Loser: CNBC. Finally, CNBC gets a thumbs down for not streaming this over the net.


AndrewPrice said...

BTW, on the Cain accusations:

1. Here's a fascinating article by Ann Coulter on the David Axelrod connection. Apparently, Axelrod has always used surprise sex-related allegations against all of Obama's prior opponents. And he has connections to these accusers. It's worth the read: (LINK).
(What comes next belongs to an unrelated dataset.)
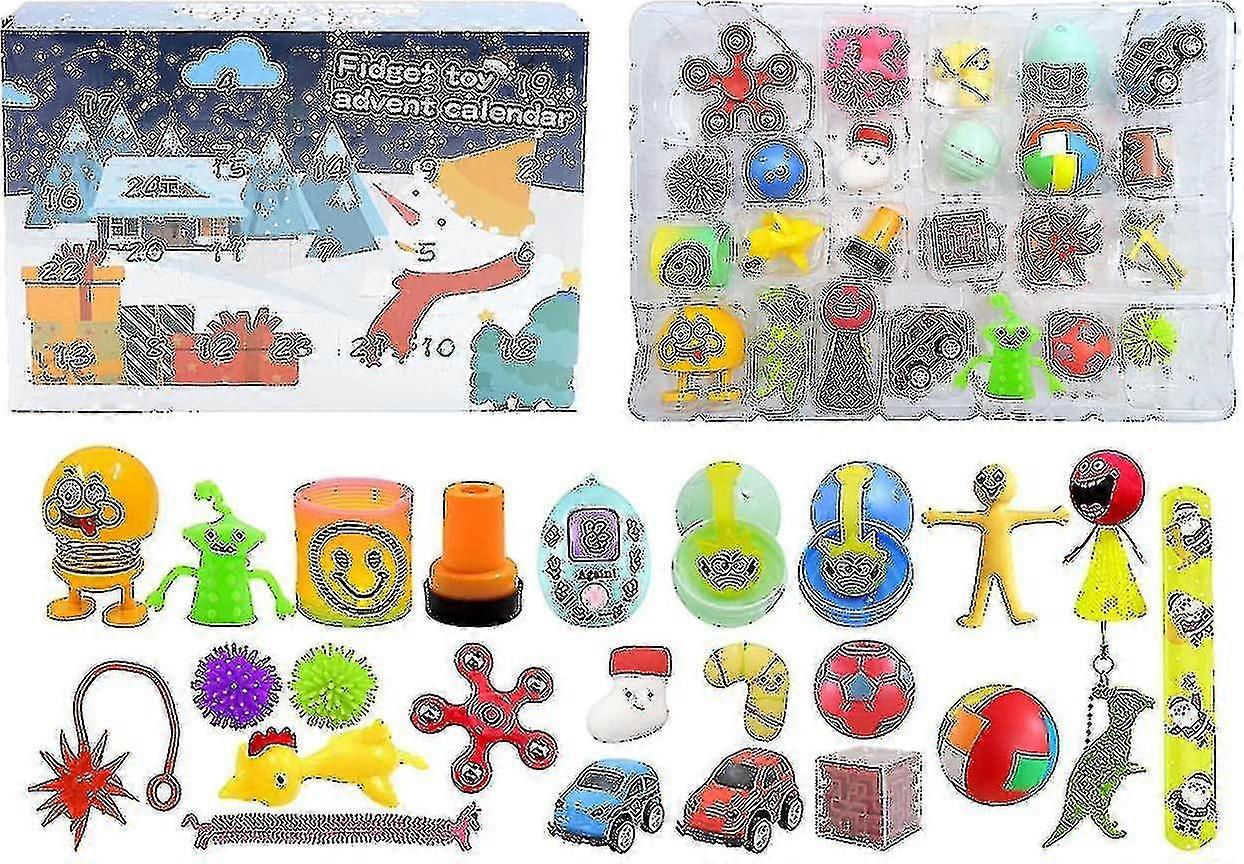 The advent calendar toy Safe and Durable: Nontoxic, tasteless silicone will not harm people or pets. (no chew toy) Bright colors and pleasant noises soothe or distract every child Reusable and washable. Suitable for adults and adults and children over 3 years old.The countdown to Christmas is an exciting time for children. One way to display the calendar is to increase holiday expectations. The new calendar toy hides many surprises.A Perfect Way to Relieve Stress - Small Toys to Hold in the Palm of Your Hand. It"s A Fun Way to Keep the Brain Focused and The Hands BusyThe advent calendar is a fun way for children to count down the days before Christmas and get some surprises every day. The ideal Christmas gift for children 3 years and older.Great Design for Anxiety, Focusing, ADHD, ADD, Autism, OCD, Quitting Bad Habits, etc. Helps Relieve Stress. Get It and Share It with Your Friends for A Fun Birthday or at Party TimeKeep your children away from electronic products. These toys can reduce stress, promote blood circulation in the hands, and practice numbers and counting skills with your childrenConvenient to Carry: Most of the toys are pocket-sized and portable, so the irritable toy bag is very suitable for offices, families, special education classrooms, physical therapy rooms, etcYou can imagine and create a unique Christmas advent calendar; in addition to fun-filled games and hands-on activities, children will also wait for Christmas throughout December to explore and cultivate their patience and creativity.About Shipping: All items will be shipped within 3 business days after the payment is received. Most times you will receive them within 8-12 days then. The specific delivery time is depend on circumstances.Any questions, please feel free to contact usDuring the shopping process, if you have any questions, please feel free to consult us, we will reply you within 24 hours, wish you a happy shoppingThanks for your cooperation and we'll make you feel satisfied.

2. The accusers are now backing down from having a press conference.

Ed said...

Excellent breakdown Andrew. I think Perry's been finished for a long time and last night only reinforced that. I understand his few remaining followers are lashing out at everyone else though.

AndrewPrice said...

Ed, I don't want to broadbrush any group of supporters, but there are some hardcore Perry types I could name who have really gone on the offensive after last night.
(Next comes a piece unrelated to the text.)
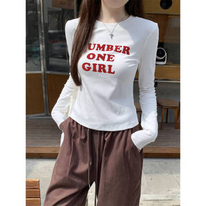 甜酷风字母印花圆领修身打底上衣女秋季正肩显瘦长袖百搭短款T恤

I also saw some very angry Palin people yesterday who are convinced that Cain has done something dirty to keep Palin out of the race.

That said, the Newt people seem nice and I'm sure the Huntsman supporter is a nice guy too. ;)

Pittsburgh Enigma said...

Nice analysis! I didn't see the debate live but heard some analysis on the talk shows today.

1. Rick Perry. Watching that 53 seconds is cringe-worthy. I just get the impression that this man is not serious about being president. All the inarticulateness that we hated about George Bush seems to be even more prevalent with Perry. If you can't speak in public, you shouldn't run for president. Period. And Perry has had plenty of chances to correct this failing.

2. Newt. Where has this Newt been lately? This is the Newt I used to like. Maybe there's still hope for him. I also like that he recently renounced his "Pelosi couch" moment. Now if Romney would only renounce RomneyCare.

Unknown said...

Andrew: I've only seen parts of the debate in replay. Mostly, I've seen the Perry performance. Holy smoke!

T-Rav said...

Excellent wrap-up, Andrew.

I think last night--well, so much of it as I could follow (thanks for nothing, CNBC!)--was a rather weak performance by Romney, at least by comparison with prior debates. Bachtorsman was the usual, while Ron Paul easily had his best debate thus far.

As for Rick Perry: Oh, where to begin.

First off, I think this has to translate into a rise for Newt. The reason people supported Perry in the first place was he seemed like the best alternative to Mitt, and they're almost unhinged in their hostility to Cain right now. There's nowhere else for them to go, unless they continue their fanatic defense of Rick. I've been hearing excuses of 1) it wasn't that bad, and 2) are we going to abandon a guy because of his debate performance and not his substance?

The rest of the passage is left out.